Another wave of price surge feared next month












ISLAMABAD: People are set to face another wave of price surge as the government is reported to have decided to allow about 5 per cent increase in prices of petroleum products and more than 16 per cent hike in electricity tariff from April 1.
Already reeling under a double-digit inflation of over 11 per cent, particularly driven by an increase in prices of essential food items and energy, consumers are finding it difficult to absorb price shocks with their income remaining static because of negligible economic growth. As a result, the budgeted target of containing inflation within single digit is unlikely to be achieved, sources in the government told Dawn.

According to Federal Bureau of Statistics, average inflation in the first eight months of the current financial year rose by 11.08 per cent over that in the same period last year. Monthly inflation in February was about 13.04 per cent more than in the same month of last year.

Transport and communication and fuel and lighting – the two major groups in the consumer price basket – together contribute about 15 per cent directly to the CPI (commonly described as inflation measured by consumer price indicator) but any increase in the prices of fuel, energy and transportation have an indirect spiralling impact on the cost of almost all commodities and services.

Having collected over Rs214 billion from oil business in eight months, the government is expected to increase prices of petroleum products by about 4-5 per cent from April 1 to pass on the impact of international oil prices to consumers, the sources said.

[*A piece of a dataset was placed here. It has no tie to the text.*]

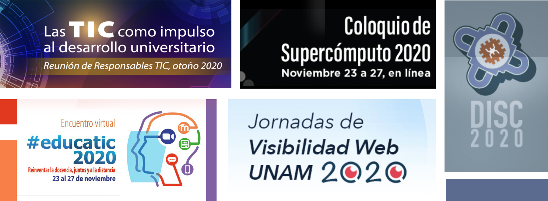 En noviembre se llevaron a cabo cinco grandes eventos: “Las TIC como impulso al desarrollo universitario”, que fue el marco para la integración de la Red de Responsables TIC de la UNAM, las Jornadas de Visibilidad Web 2020, EducaTIC 2020, el Coloquio Virtual de Supercómputo 2020, más la celebración del Día Internacional de la Seguridad en Cómputo, todos ellos enfocados en lograr la transformación digital de nuestra Universidad.

In addition, the government is contemplating to increase electricity tariff by about 19 per cent on two counts on April 1. First, the impact of international furnace oil prices on electricity generation would be absorbed by a Rs1.44 per unit increase in consumer tariff, for which the National Electric Power Regulatory Authority holds a public hearing on Wednesday. Second, the government would also increase the tariff by another 6.4 per cent under an agreement with the International Monetary Fund and the World Bank.

Sources in the petroleum ministry said that petroleum prices had maintained a rising trend in the international market over the past month and that would be passed on to consumers by the Oil and Gas Regulatory Authority on March 31. The international crude prices which hovered around $75-77 per barrel last month had now crossed $82 and its impact would be recovered from consumers, the sources said.

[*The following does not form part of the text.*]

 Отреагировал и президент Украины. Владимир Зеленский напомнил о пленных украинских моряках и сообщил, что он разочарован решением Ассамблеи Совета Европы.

On the basis of international market data available for the current month, the prices of diesel, petrol and kerosene are likely to be increased by Rs3-4 per litre, but a final decision would be taken on the basis of international prices for the entire month.

Pakistan imports crude oil and petroleum products from the Middle East where prices generally remain $5-15 per barrel lower than in the British and US markets.

The government reduced prices of petroleum products by 1-4 per cent on March 1 because of a decline in the international market. It had increased POL prices by 5-10 per cent (between Rs4 to 8 per litre) on Feb 1.

The government charges a variable 16 per cent general sales tax on all petroleum products and earns a windfall when international prices go up. Besides, it also collects a fixed levy of Rs10 per litre on petrol, Rs14 on high octane blending component, Rs6 on kerosene, Rs3 on LDO and Rs8 on high speed diesel. The government is estimated to have collected more than Rs158 billion from July 1 to Feb 28 on account of petroleum levy and general sales tax.

The sources said petroleum levy on high speed diesel, light diesel oil, kerosene, HOBC and petrol generated about Rs77 billion during the first eight months of the current year, while the government has set a target of about Rs122 billion for the whole year.

The GST collection on petroleum products during July-Feb 2009 was estimated to be more than Rs81 billion, the sources said.

The government is estimated to have saved over Rs55 billion during this period on oil imports mainly because of lower international prices.